Aspects of the present invention are described herein with reference to flowchart illustrations and/or block diagrams of methods, apparatus (systems), and computer program products according to embodiments of the invention. It will be understood that each block of the flowchart illustrations and/or block diagrams, and combinations of blocks in the flowchart illustrations and/or block diagrams, can be implemented by computer readable program instructions.
These computer readable program instructions may be provided to a processor of a general-purpose computer, special purpose computer, or other programmable data processing apparatus to produce a machine, such that the instructions, which execute via the processor of the computer or other programmable data processing apparatus, create means for implementing the functions/acts specified in the flowcharts and/or block diagram block or blocks. These computer readable program instructions may also be stored in a computer readable storage medium that can direct a computer, a programmable data processing apparatus, and/or other devices to function in a particular manner, such that the computer readable storage medium having instructions stored therein comprises an article of manufacture including instructions which implement aspects of the function/act specified in the flowcharts and/or block diagram block or blocks.
The computer readable program instructions may also be loaded onto a computer, other programmable data processing apparatus, or other device to cause a series of operational steps to be performed on the computer, other programmable apparatus or other device to produce a computer implemented process, such that the instructions which execute on the computer, other programmable apparatus, or other device implement the functions/acts specified in the flowcharts and/or block diagram block or blocks.
The flowcharts and block diagrams in the Figures illustrate the architecture, functionality, and operation of possible implementations of systems, methods, and computer program products according to various embodiments of the present invention. In this regard, each block in the flowcharts or block diagrams may represent a module, segment, or portion of instructions, which comprises one or more executable instructions for implementing the specified logical function(s). In some alternative implementations, the functions noted in the block may occur out of the order noted in the figures. For example, two blocks shown in succession may, in fact, be executed substantially concurrently, or the blocks may sometimes be executed in the reverse order, depending upon the functionality involved. It will also be noted that each block of the block diagrams and/or flowchart illustrations, and combinations of blocks in the block diagrams and/or flowchart illustrations, can be implemented by special purpose hardware-based systems that perform the specified functions or acts or carry out combinations of special purpose hardware and computer instructions.

Claims

1. A method for optimized placement of data structures in memory in a computing environment by a processor, comprising:

distinguishing, by a memory controller, between weights and activations of one or more data structures in a deep neural network (DNN) using flags attached to the one or more data structures, the flags having a first value indicative of the weights and a second value indicative of the activations; and

dynamically allocating and routing the one or more data structures in a hybrid memory according to the flags indicative of the weights and activations of the one or more data structures in the DNN, wherein the hybrid memory includes at least a first memory and a second memory that differ according to one or more write attributes.

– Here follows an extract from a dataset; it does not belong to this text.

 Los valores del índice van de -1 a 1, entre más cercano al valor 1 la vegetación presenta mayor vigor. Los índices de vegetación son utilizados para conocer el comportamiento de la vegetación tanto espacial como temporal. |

2. The method of claim 1, further including partitioning the hybrid memory for the weights and activations of the one or more data structures, wherein the one or more write attributes include write energy, write latency, write endurance, or a combination thereof.

3. (canceled)

4. The method of claim 1, wherein the distinguishing further includes distinguishing between the weights and the activations of the one or more data structures according to characteristics of a read operation, a write operation, or a combination thereof.

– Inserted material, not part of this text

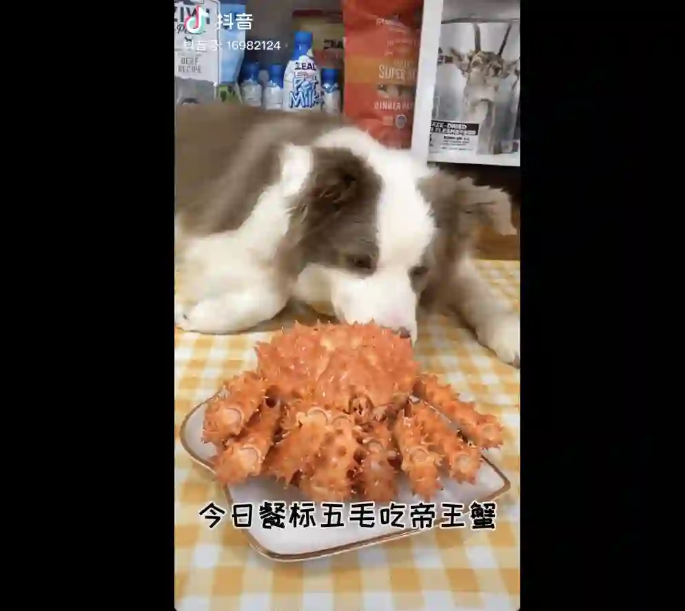 评论区里一边在感叹:“我吃的还没狗好”、“你家还缺狗吗”,一边等待着视频中的主人下一次给食盆里丢下更奇异的食物。

5. The method of claim 1, further including storing the weights in the first memory of the hybrid memory.

6. The method of claim 1, further including storing the activations in the second memory of the hybrid memory.

7. The method of claim 1, further including minimizing write operations of the one or more data structures to the hybrid memory based upon the distinguishing of the weights and activations.

8. A system for optimized placement of data structures in memory in a computing environment, comprising:

one or more computers with executable instructions that when executed cause the system to:

distinguish, by a memory controller, between weights and activations of one or more data structures in a deep neural network (DNN) using flags attached to the one or more data structures, the flags having a first value indicative of the weights and a second value indicative of the activations; and

dynamically allocate and route the one or more data structures in a hybrid memory according to the flags indicative of the weights and activations of the one or more data structures in the DNN, wherein the hybrid memory includes at least a first memory and a second memory that differ according to one or more write attributes.

9. The system of claim 8, wherein the executable instructions that when executed cause the system to partition the hybrid memory for the weights and activations of the one or more data structures, wherein the one or more write attributes include write energy, write latency, write endurance, or a combination thereof.

10. (canceled)

11. The system of claim 8, wherein the distinguishing further includes distinguishing between the weights and the activations of the one or more data structures according to characteristics of a read operation, a write operation, or a combination thereof.

12. The system of claim 8, wherein the executable instructions that when executed cause the system to store the weights in the first memory of the hybrid memory.

13. The system of claim 8, wherein the executable instructions that when executed cause the system to store the activations in the second memory of the hybrid memory.

14. The system of claim 8, wherein the executable instructions that when executed cause the system to minimize write operations of the one or more data structures to the hybrid memory based upon the distinguishing of the weights and activations.

15. A computer program product for optimized placement of data structures in memory by a processor in a computing environment, the computer program product comprising a non-transitory computer-readable storage medium having computer-readable program code portions stored therein, the computer-readable program code portions comprising:

an executable portion that distinguishes, by a memory controller, between weights and activations of one or more data structures in a deep neural network (DNN) using flags attached to the one or more data structures, the flags having a first value indicative of the weights and a second value indicative of the activations; and

an executable portion that dynamically allocates and routes the one or more data structures in a hybrid memory according to the flags indicative of the weights and activations of the one or more data structures in the DNN, wherein the hybrid memory includes at least a first memory and a second memory that differ according to one or more write attributes.

16. The computer program product of claim 15, further including an executable portion that partitions the hybrid memory for the weights and activations of the one or more data structures, wherein the one or more write attributes include write energy, write latency, write endurance, or a combination thereof.

17. (canceled)

18. The computer program product of claim 15, wherein the distinguishing further includes distinguishing between the weights and the activations of the one or more data structures according to characteristics of a read operation, a write operation, or a combination thereof.

19. The computer program product of claim 15, further including an executable portion that:

stores the weights in the first memory of the hybrid memory; and

stores the activations in the second memory of the hybrid memory.

20. The computer program product of claim 15, further including an executable portion that minimizes write operations of the one or more data structures to the hybrid memory based upon the distinguishing of the weights and activations.